* _WHAT TO WORK ON_:
Go to the line that contains "Шикарні кросівки для" in the records below and repeat it, and each line after it, exactly through the end, omitting pictures.

* _MATERIAL SHOWN_:
================
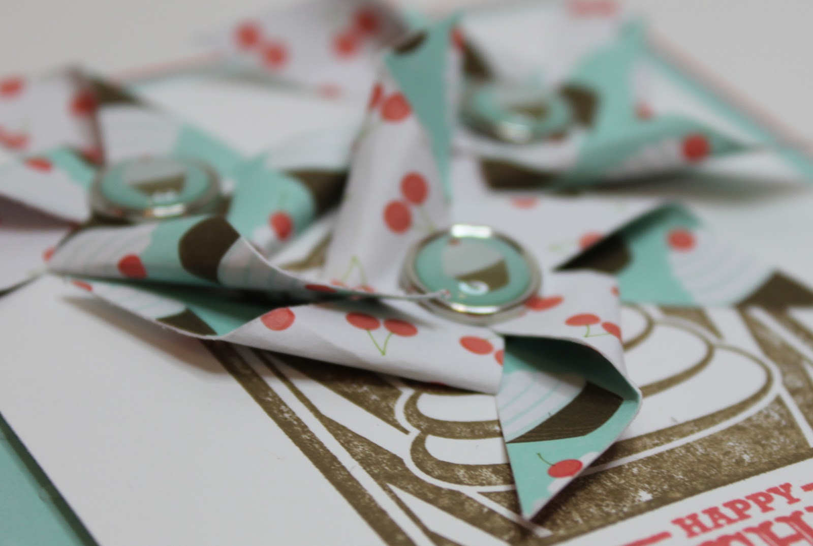 The pinwheels themselves are made out of pieces of the Sweet Shop DSP and are held in place with a brad from the Sweet Shop Jelly Bean brads.
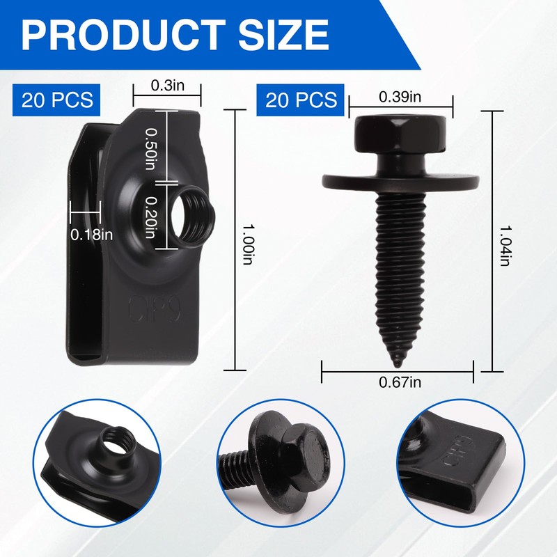 • Packaging Contents: You will receive 20 fender bolts and 20 U-nut clips. Bolt size: 1.04×0.67 in. U-nut size: 1×0.18 in. Great for replacing auto parts
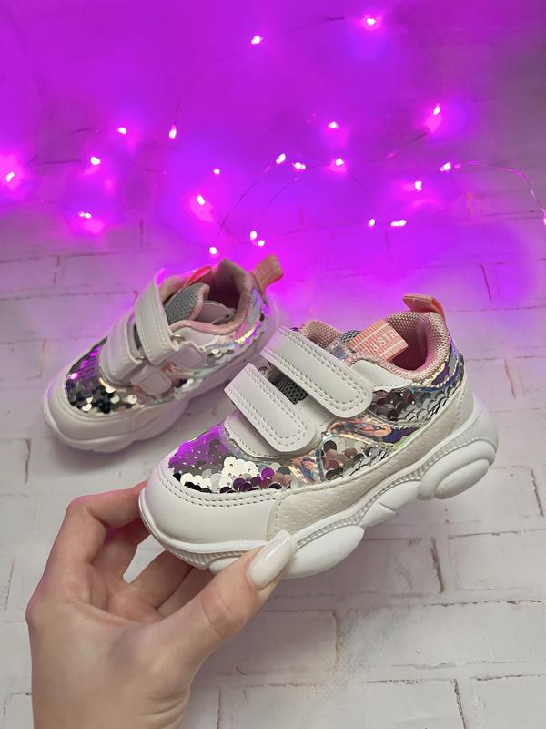 Шикарні кросівки для дівчинки на весну/осінь) розмір 22, по устілці- 14 см) новенькі ) Дуже стильні, блискучі, на липучку) Ідеальні на весну або осінній період) Абсолютно новенькі та дуже зручні 💗тапочки)
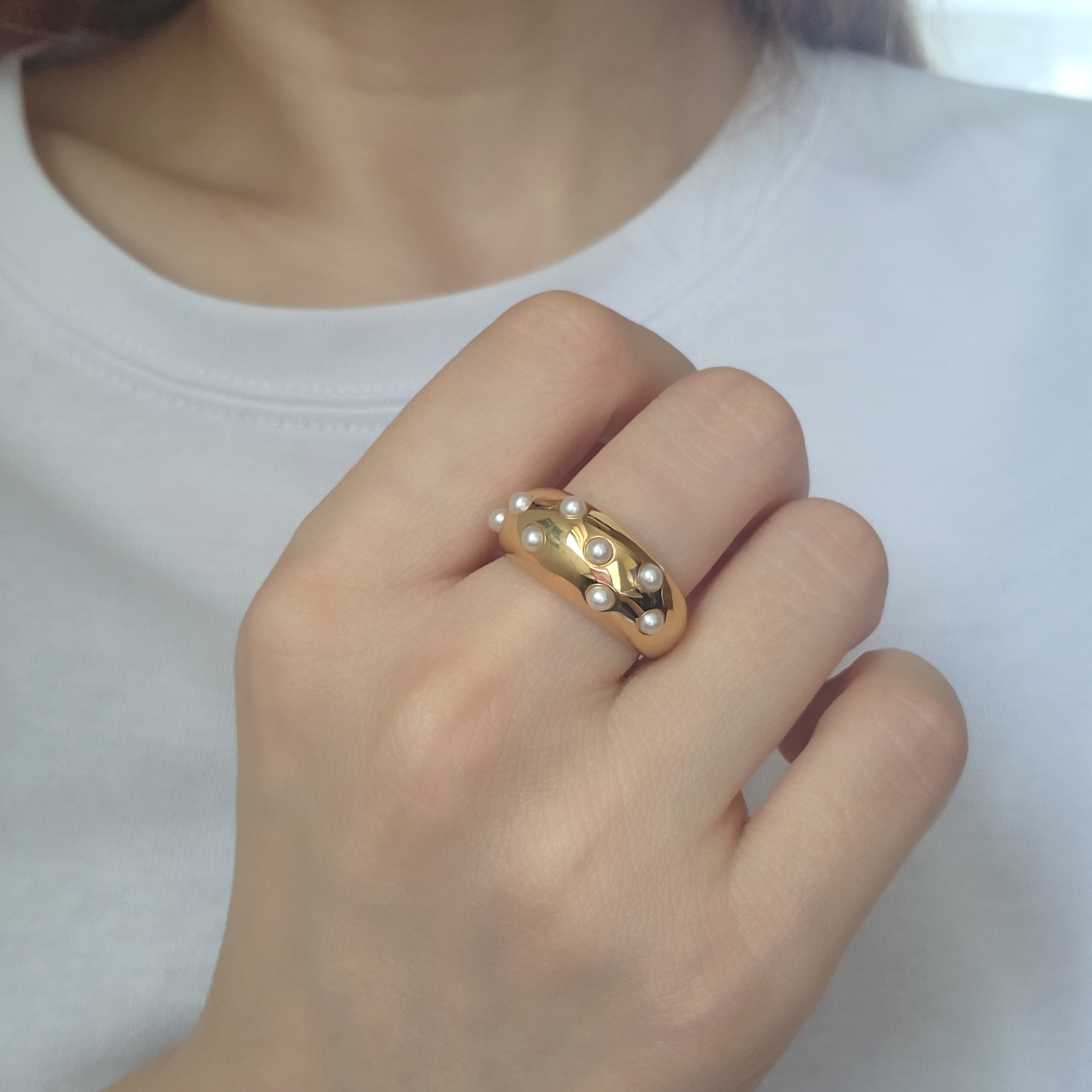 小粒で愛らしい「ベビーパール」を贅沢に散りばめた、水玉模様のようなデザインリング。
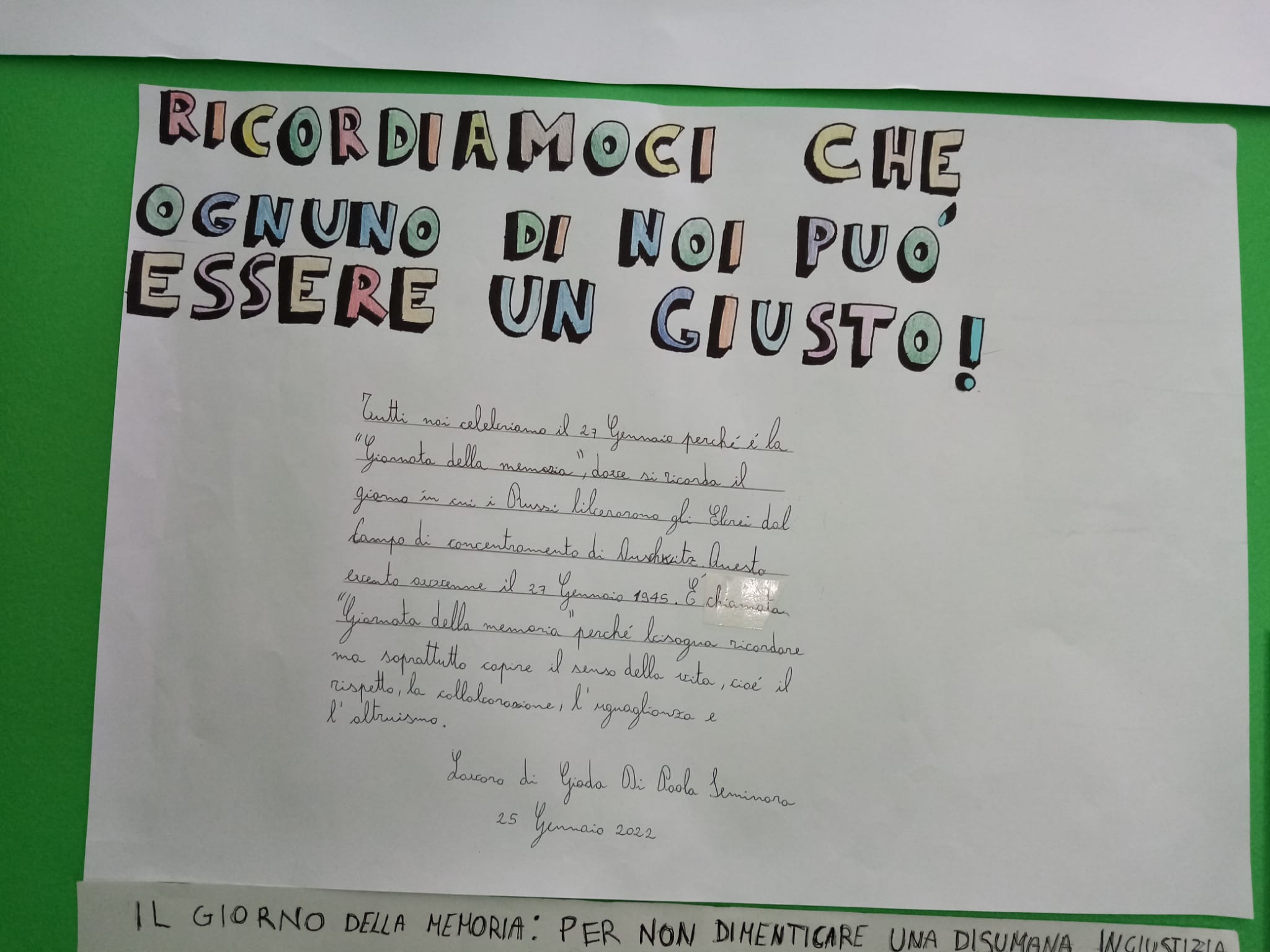 In queste settimane, quindi, abbiamo parlato della Shoah, consegnando a bambini e bambine, uomini e donne in divenire, insieme alla memoria di una tragedia, la memoria dei valori, quella dei Giusti, la forza dell'agire e del pensare in libertà.
================
* _REPLY TO THE TASK_:
 Шикарні кросівки для дівчинки на весну/осінь) розмір 22, по устілці- 14 см) новенькі ) Дуже стильні, блискучі, на липучку) Ідеальні на весну або осінній період) Абсолютно новенькі та дуже зручні 💗тапочки)
 小粒で愛らしい「ベビーパール」を贅沢に散りばめた、水玉模様のようなデザインリング。
 In queste settimane, quindi, abbiamo parlato della Shoah, consegnando a bambini e bambine, uomini e donne in divenire, insieme alla memoria di una tragedia, la memoria dei valori, quella dei Giusti, la forza dell'agire e del pensare in libertà.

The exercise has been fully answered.